Structural weaknesses, imperceptible growth, crippling
unemployment and deteriorating government financing confined
Arab states to the role of oil-addicted minions. At $540
billion, said Bourland, quoted by Middle East Online, the
combined gross domestic product of all the Arab countries is
smaller than Mexico's (or Spain's, adds The Economist).
According to the Arab League, the gross national product of all
its members amounted to $712 billion or 2 percent of the world's
GNP in 2001 - merely double sub-Saharan Africa's.
Even the recent tripling of the price of oil - their main export
commodity - did not generate sustained growth equal to the
burgeoning population and labor force. Algeria's official
unemployment rate is 26.4 percent, Oman's 17.2 percent,
Tunisia's 15.6 percent, Jordan's 14.4 percent, Saudi Arabia's 13
percent and Kuwait sports an unhealthy 7.1 percent. Even with 8
percent out of work, Egypt needs to grow by 6 percent annually
just to stay put, estimates the World Bank.
But the real figures are way higher. At least one fifth of the
Saudi and Egyptian labor forces go unemployed. Only one tenth of
Saudi women have ever worked. The region's population has almost
doubled in the last quarter century, to 300 million people.
Close to two fifths of the denizens of the Arab world are minors.
According to the Iranian news agency, IRNA, the European
Commission on the Mediterranean Region estimates that the
purchasing power parity income per head in the area is a mere 39
percent of the EU's 2001 average, comparable to many
post-communist countries in transition. In nominal terms the
figure is 28 percent. These statistics include Israel whose
income per capita equals 84 percent of the EU's and the
Palestinian Authority where GDP fell by 10 percent in 2000 and
by another 15 percent the year after.
Faced with ominously surging social unrest, the Arab regimes -
all of them lacking in democratic legitimacy - resort to ever
more desperate measures. "Saudisation", for instance, amounts to
the expulsion of 3 million foreign laborers to make room for
indigenous idlers reluctant to take on these vacated - mostly
menial - jobs. About one million, typically Western, expat
experts remain untouched.
The national accounts of Arab polities are in tatters. Saudi
Arabia managed to produce a budget surplus only once since 1982.
Per capita income in the kingdom plunged from $26,000 in 1981 to
$7000 today.
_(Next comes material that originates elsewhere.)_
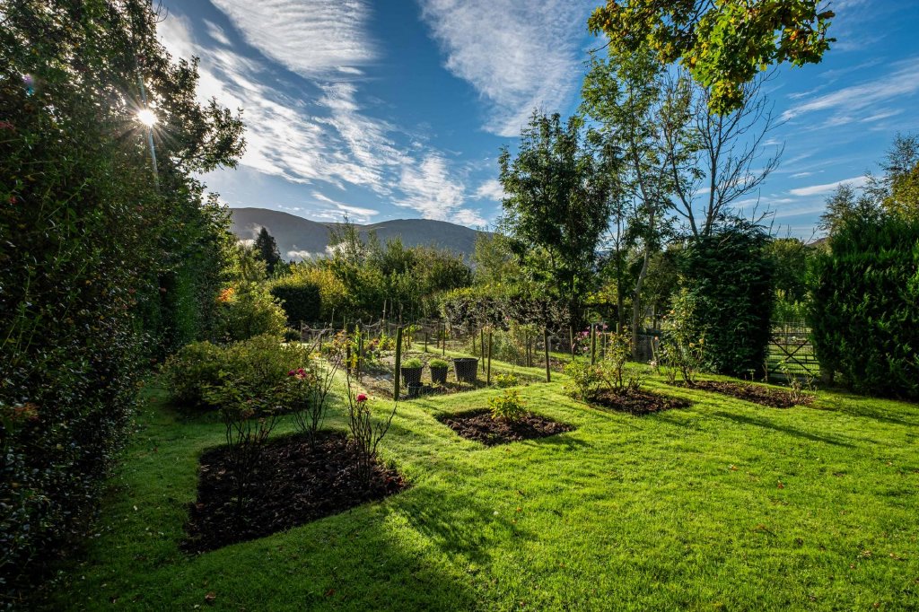 A private garden surrounds the house, featuring mature planting, colourful borders, and an exceptional stone terrace that wraps around the property, capturing the lake views and its southerly aspect. It is a perfect setting for outdoor dining, entertaining, or simply appreciating the tranquillity of this exceptional location. There is also a charming and much loved vegetable garden and orchard.
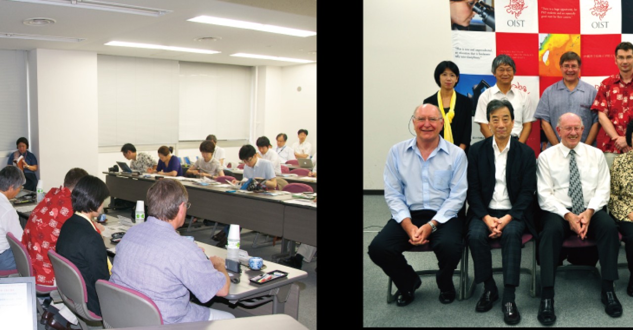 OIST Board of Governors members Dr. Kiyoshi Kurokawa and Dr. Hiroko Sho underlined the very rapid progress that had been made in establishing OIST as a top level science university. Prof. Noriyuki Satoh, Prof. Dennis Konstantinov, Prof. Yoko Yazaki-Sugiyama, and Prof. Jeff Wickens talked about their respective research, highlighting the new dimensions that had been added by interactions with specialists in other fields at OIST.

Higher oil prices may well continue throughout
2003, further masking the calamitous state of the region's
economies. But this would amount to merely postponing the
inevitable.
Arab countries are not integrated into the world economy. It is
possibly the only part of the globe, bar Africa, to have
entirely missed the trains of globalization and technological
progress. Charlene Barshefsky was United States Trade
Representative from 1997 to 2001. In a recent column published
by the New York Times, she noted that:
"Muslim countries in the region trade less with one another than
do African countries, and much less than do Asian, Latin
American or European countries. This reflects both high trade
barriers ... and the deep isolation Iran, Iraq and Libya have
brought on themselves through violence and support for terrorist
groups ... The Middle East still depends on oil. Today, the
United States imports slightly more than $5 billion worth of
manufactured goods and farm products from the 22 members of the
Arab League, Afghanistan and Iran combined - or about half our
value-added imports from Hong Kong alone."
Indeed, Jewish Israel and secular Turkey aside, 8 of the 11
largest economies of the Middle East have yet to join the World
Trade Organization. Only two decades ago, one of every seven
dollars in global export revenues and one twentieth of the
world's foreign direct investment flowed to Arab pockets.
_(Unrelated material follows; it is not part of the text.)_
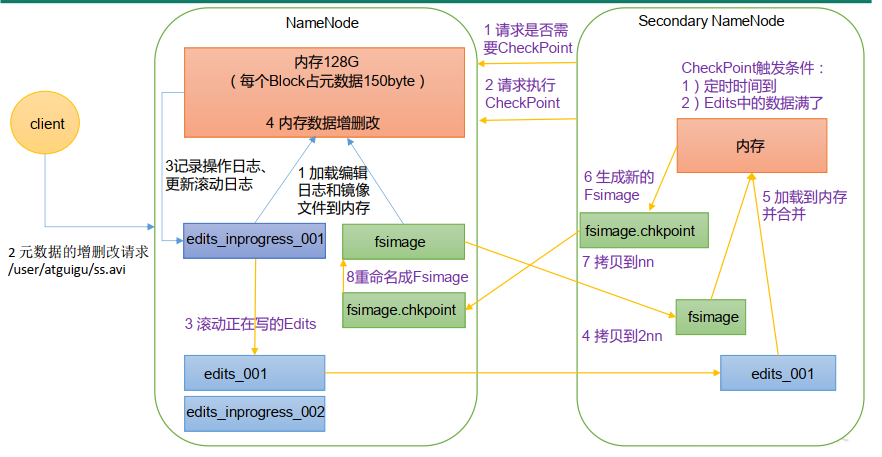 - Secondary NameNode 加载编辑日志和镜像文件到内存,并合并

Today, the Middle East's share of international trade and FDI is
less than 1.5 percent - half of it with the European Union.
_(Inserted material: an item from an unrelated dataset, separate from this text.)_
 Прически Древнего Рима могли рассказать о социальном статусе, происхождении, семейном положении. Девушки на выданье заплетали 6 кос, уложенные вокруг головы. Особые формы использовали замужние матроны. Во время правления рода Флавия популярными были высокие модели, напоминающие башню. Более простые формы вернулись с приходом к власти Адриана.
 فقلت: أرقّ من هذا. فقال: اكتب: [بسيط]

Medium size economies such as Sweden's attract more capital than
the entire Middle Eastern Moslem world put together.
Some Arab countries periodically go through spastic reforms only
to submerge once more in backwardness and venality.
Oil-producers attempted some structural economic adjustments in
the 1990s. Jordan and Syria privatized a few marginal
state-owned enterprises. Iran and Iraq cut subsidies. Almost
everyone - especially Lebanon, Egypt, Iran and Jordan -
increased their unhealthy reliance on multilateral loans and
foreign aid.
Young King Abdullah II of Jordan, for instance, dabbles in
deregulation, liberalization, tax reform, cutting red tape and
tariff reductions. Aided by a free trade agreement with America
passed by Congress in 2001, Jordan's exports to the United
States last year soared from $16 million in 1998 to $400 million.
A similar nostrum is being administered to Morocco, partly to
spite the European Union and its glacial "Barcelona Process"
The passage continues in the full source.